To summarize it: (1) Cigarette smoking is harmful to one's health. There is sufficient and reliable evidence as to the harm that. results from cigarette smoking. It may do irreparable damage to the body. Paul wrote to the church at Corinth: "Or know ye not that your body is a temple of the Holy Spirit which is in you, which ye have from God? and ye are not your own; for ye were bought with a price: glorify God therefore in your body" (1 Cor. 6:19,20). (2) Smoking enslaves the user and (3) it has a destructive influence. We are to "abstain from every form of evil" (1 Thess. 5:22).
Much more can be said on the subject of smoking. In view of what I know, involving both medical and scriptural considerations, it would be a sin for me to smoke because it would violate my conscience.

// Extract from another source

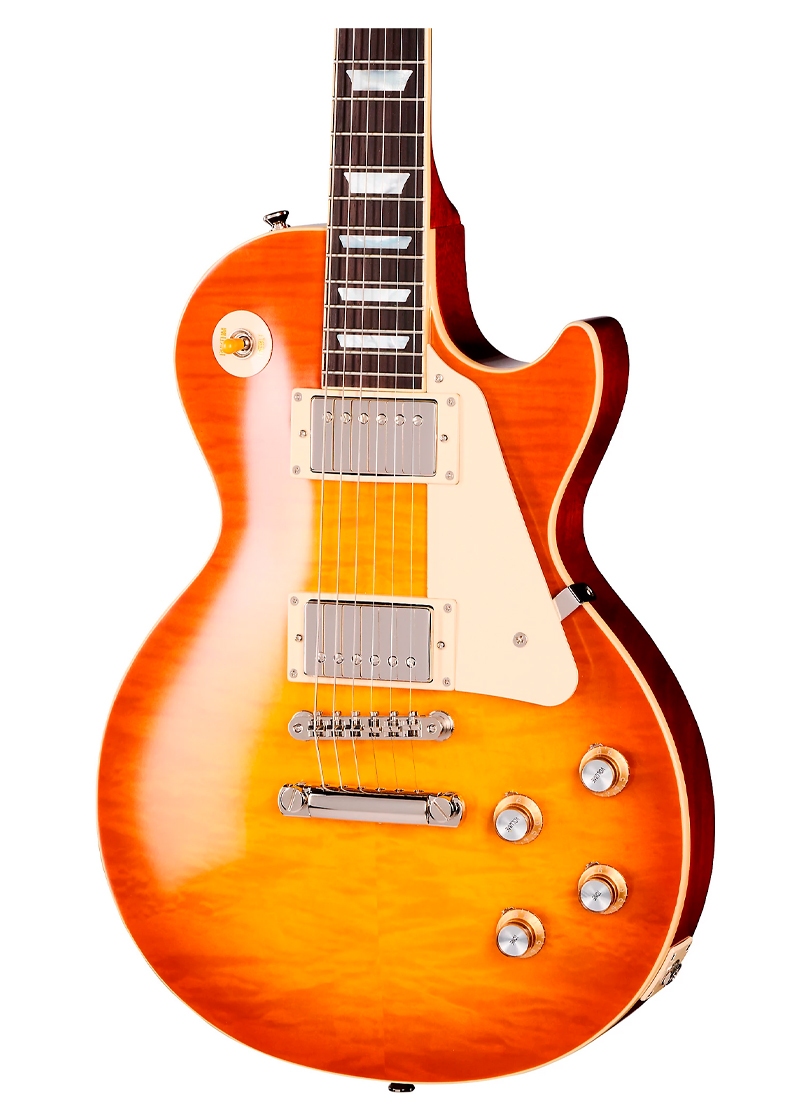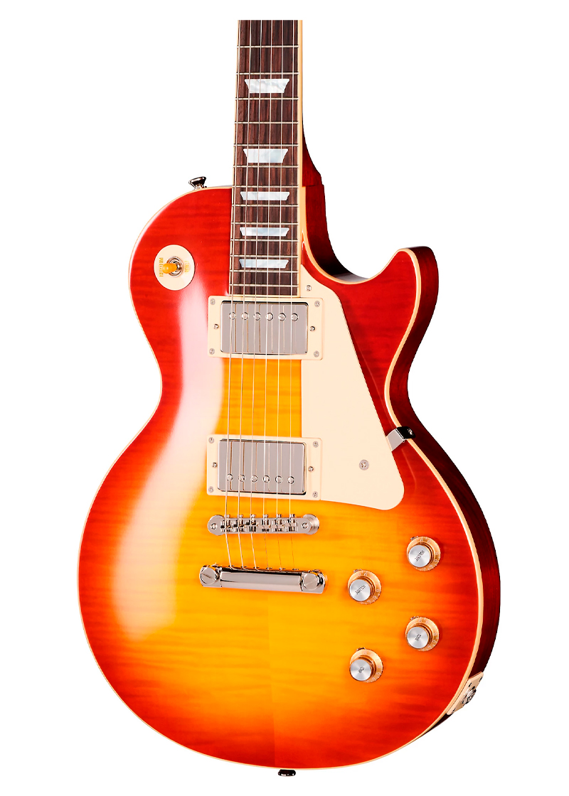 La guitarra eléctrica Epiphone 1960 Les Paul Standard Reissue captura la esencia de uno de los instrumentos más icónicos de la historia de la música. Inspirada en la legendaria Gibson Les Paul Standard de 1960, esta reedición combina la estética vintage con la artesanía moderna para ofrecer un rendimiento inigualable. Con una tapa de arce tallado rematada con una impresionante chapa de arce flameado AAA, su cuerpo de caoba ofrece los tonos cálidos y resonantes que definen el legado de Les Paul. El perfil del mástil SlimTaper proporciona una sensación de ejecución rápida, mientras que el diapasón de palisandro con incrustaciones trapezoidales de nácar añade un toque de elegancia atemporal. Equipada con pastillas Gibson Custombucker, esta guitarra ofrece una rica claridad tonal y una respuesta dinámica, perfecta para músicos que buscan el sonido expresivo de una Les Paul vintage. El estuche rígido incluido con gráficos Inspired by Gibson garantiza un transporte y almacenamiento seguros para esta extraordinaria reedición.

Each should carefully consider and evaluate the facts and then decide for himself whether smoking is a sin. All must agree that it is a dangerous, unclean and expensive habit. "I beseech you therefore, brethren, by the mercies of God, to present your bodies a living sacrifice, holy, acceptable to God, which is your spiritual service. And be not fashioned according to this world: but be ye transformed by the renewing of your mind, that ye may prove what is the good and acceptable and perfect will of God" (Rom. 12:1, 2).